Rules are downloaded automatically on first use. When you run:

  • --capa — capa rules are auto-downloaded to ~/.local/share/binanalysis/capa-rules
  • --yara — 6 community YARA rule repositories are auto-cloned to ~/.local/share/binanalysis/yara-rules

To refresh rules later, use:

# Update capa rules
uv run binanalysis file.exe --update-capa

# Update community YARA rules
uv run binanalysis file.exe --update-yara

Usage Examples

# Basic analysis — prints results to terminal, saves JSON + HTML reports automatically
uv run binanalysis suspicious.exe

# Enable YARA signature scanning
uv run binanalysis suspicious.exe --yara

# Enable capa capability detection
uv run binanalysis suspicious.exe --capa

# Both YARA and capa
uv run binanalysis suspicious.exe --yara --capa

# Decompile with Radare2
uv run binanalysis suspicious.exe --decompile r2

# Decompile with Ghidra (filtered to suspicious functions only)
uv run binanalysis suspicious.exe --decompile ghidra

# Decompile with both backends
uv run binanalysis suspicious.exe --decompile both

# Use custom YARA rules in addition to community rules
uv run binanalysis suspicious.exe --yara --yara-rules /path/to/custom-rules

# Use a specific capa rules directory
uv run binanalysis suspicious.exe --capa --capa-rules /opt/capa-rules

# Refresh community YARA rule repos before scanning
uv run binanalysis suspicious.exe --update-yara --yara

# Refresh capa rules before scanning
uv run binanalysis suspicious.exe --update-capa --capa

CLI Reference

binanalysis [-h] [--decompile {r2,ghidra,both}]
            [--capa] [--yara] [--update-capa] [--update-yara]
            [--capa-rules CAPA_RULES] [--yara-rules YARA_RULES [YARA_RULES ...]]
            [--llm-report] [--llm-url URL] [--llm-model MODEL] [--llm-timeout SECONDS]
            [--config CONFIG] [--debug]
            file
Argument Description
file Path to the binary file to analyze (required, positional)
--decompile {r2,ghidra,both} Enable decompilation. r2 uses Radare2 for quick pseudocode. ghidra uses Ghidra headless with intelligent filtering. both runs both backends.
--capa Enable capa capability detection (auto-downloads rules on first use, ~100MB)
--yara Enable YARA signature scanning (auto-downloads 6 community rule repos on first use)
--update-capa Download/update capa rules before analysis
--update-yara Download/update community YARA rule repositories before analysis
--capa-rules Path to capa rules directory (overrides config file and default)
--yara-rules One or more additional YARA rule directories (added to community rules)
--llm-report Generate LLM-powered analyst report (requires Ollama or compatible API)
--llm-url LLM API base URL (default: http://localhost:11434)
--llm-model LLM model name (default: llama3)
--llm-timeout LLM request timeout in seconds (default: 300)
--config Path to a YAML configuration file (see below)
--debug Write the LLM prompt to <filename>_llm_prompt.md for inspection.
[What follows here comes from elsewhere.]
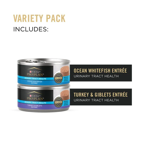 Make a menu of recipes for your kitty with a Purina Pro Plan Urinary Tract Health Classic Favorites Adult Wet Cat Food Variety Pack. This urinary cat food variety pack has two of your pal’s favorite classic recipes, each specially made to help maintain urinary tract health. Cats pick from whisker-licking cat food pates made with real ocean whitefish or real turkey and giblets. Both yummy formulas provide low dietary magnesium while reducing urinary pH. Plus, each high protein cat food selection is jam-packed with high-quality ingredients that nourish your feline friend. Both urinary wet cat food pate formulas are highly digestible, too, helping more wholesome goodness go to work in your cat. Try this premium cat food variety pack risk free to deliver the extra-care nutrition your furry companion needs and the delicious taste she loves.

Works standalone (no --llm-report needed) — useful for verifying prompt content without running Ollama

Configuration File

For settings you use repeatedly, create a YAML configuration file instead of passing flags every time. The tool looks for configuration in this order:

  1. Path passed via --config
  2. binanalysis.yaml in the current directory
  3. ~/.config/binanalysis/config.yaml

A default configuration file is automatically created at ~/.config/binanalysis/config.yaml on first run. The configuration includes:

paths:
  # Where capa rules are stored (auto-downloaded here if missing)
  capa_rules: ~/.local/share/binanalysis/capa-rules
  # Where community YARA rules are stored (fetched via --update-yara)
  yara_community_dir: ~/.local/share/binanalysis/yara-rules
  # Additional YARA rule directories scanned on every run
  # yara_extra_dirs:
  #   - /path/to/rules
  # Path to Ghidra headless analyzer (auto-discovered if empty)
  # ghidra_headless: ""

# capa rule repos cloned/updated by --update-capa.
capa_repos:
  capa-rules:
    repo: https://github.com/mandiant/capa-rules.git
    description: "Official capa rules (Mandiant/Google)"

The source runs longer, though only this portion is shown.